Talin A Alec, Meyer Jordan, Li Jingxian, Huang Mantao, Schwacke Miranda, Chung Heejung W, Xu Longlong, Fuller Elliot J, Li Yiyang, Yildiz Bilge
Sandia National Laboratories, Livermore, California 94551, United States.
Department of Materials Science and Engineering, Massachusetts Institute of Technology, Cambridge, Massachusetts 02139, United States.
Chem Rev. 2025 Feb 26;125(4):1962-2008. doi: 10.1021/acs.chemrev.4c00512. Epub 2025 Feb 17.

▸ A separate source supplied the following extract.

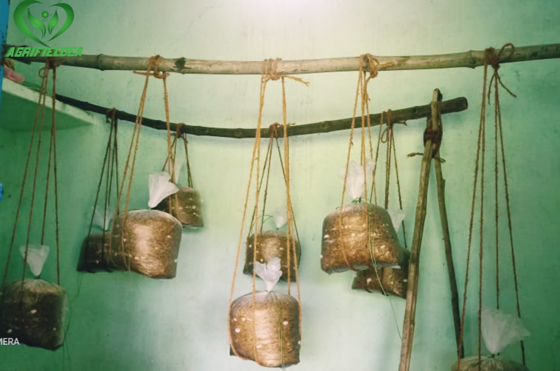 ◆ अब इस बीजाई की हुई तैयार बैग को एक साफ सुथरे कमरे में टेबल पर या लकड़ी के तख्ते या इसे रस्सी से चारो तरफ बांधकर निश्चित अन्तराल पर दूर – दूर  लटका सकते हैं ।

Non-von Neumann computing using neuromorphic systems based on analogue synaptic and neuronal elements has emerged as a potential solution to tackle the growing need for more efficient data processing, but progress toward practical systems has been stymied due to a lack of materials and devices with the appropriate attributes. Recently, solid state electrochemical ion-insertion, also known as electrochemical random access memory (ECRAM) has emerged as a promising approach to realize the needed device characteristics. ECRAM is a three terminal device that operates by tuning electronic conductance in functional materials through solid-state electrochemical redox reactions. This mechanism can be considered as a gate-controlled bulk modulation of dopants and/or phases in the channel. Early work demonstrating that ECRAM can achieve nearly ideal analogue synaptic characteristics has sparked tremendous interest in this approach. More recently, the realization that electrochemical ion insertion can be used to tune the electronic properties of many types of materials including transition metal oxides, layered two-dimensional materials, organic and coordination polymers, and that the changes in conductance can span orders of magnitude has further attracted interest in ECRAM as the basis for analogue synaptic elements for inference accelerators as well as for dynamical devices that can emulate a wide range of neuronal characteristics for implementation in analogue spiking neural networks. At its core, ECRAM shares many fundamental aspects with rechargeable batteries, where ion insertion materials are used extensively for their ability to reversibly store charge and energy. Computing applications, however, present drastically different requirements: systems will require many millions of devices, scaled down to tens of nanometers, all while achieving reliable electronic-state tuning at scaled-up rates and endurances, and with minimal energy dissipation and noise. In this review, we discuss the history, basic concepts, recent progress, as well as the challenges and opportunities for different types of ECRAM, broadly grouped by their primary mobile ionic charge carrier, including Li, protons, and oxygen vacancies.
基于模拟突触和神经元元件的神经形态系统进行的非冯·诺依曼计算,已成为应对日益增长的对更高效数据处理需求的一种潜在解决方案,但由于缺乏具有适当属性的材料和器件,向实际系统的进展受到了阻碍。最近,固态电化学离子插入,也称为电化学随机存取存储器(ECRAM),已成为实现所需器件特性的一种有前途的方法。ECRAM是一种三端器件,通过固态电化学氧化还原反应调节功能材料中的电子电导来工作。这种机制可被视为对沟道中掺杂剂和/或相的栅极控制体调制。早期证明ECRAM可实现近乎理想的模拟突触特性的工作,引发了对该方法的极大兴趣。最近,人们认识到电化学离子插入可用于调节包括过渡金属氧化物、层状二维材料、有机和配位聚合物在内的多种材料的电子特性,并且电导变化可跨越多个数量级,这进一步引起了人们对ECRAM的兴趣,它可作为推理加速器的模拟突触元件的基础,以及作为可模拟广泛神经元特性以在模拟脉冲神经网络中实现的动态器件的基础。从本质上讲,ECRAM与可充电电池有许多基本方面的共同之处,在可充电电池中,离子插入材料因其可逆存储电荷和能量的能力而被广泛使用。然而,计算应用提出了截然不同的要求:系统将需要数百万个器件,缩小到几十纳米,同时要以放大的速率和耐久性实现可靠的电子态调节,并且能量耗散和噪声最小。在这篇综述中,我们讨论了不同类型ECRAM的历史、基本概念、最新进展以及挑战和机遇,这些类型大致按其主要移动离子电荷载体进行分组,包括锂、质子和氧空位。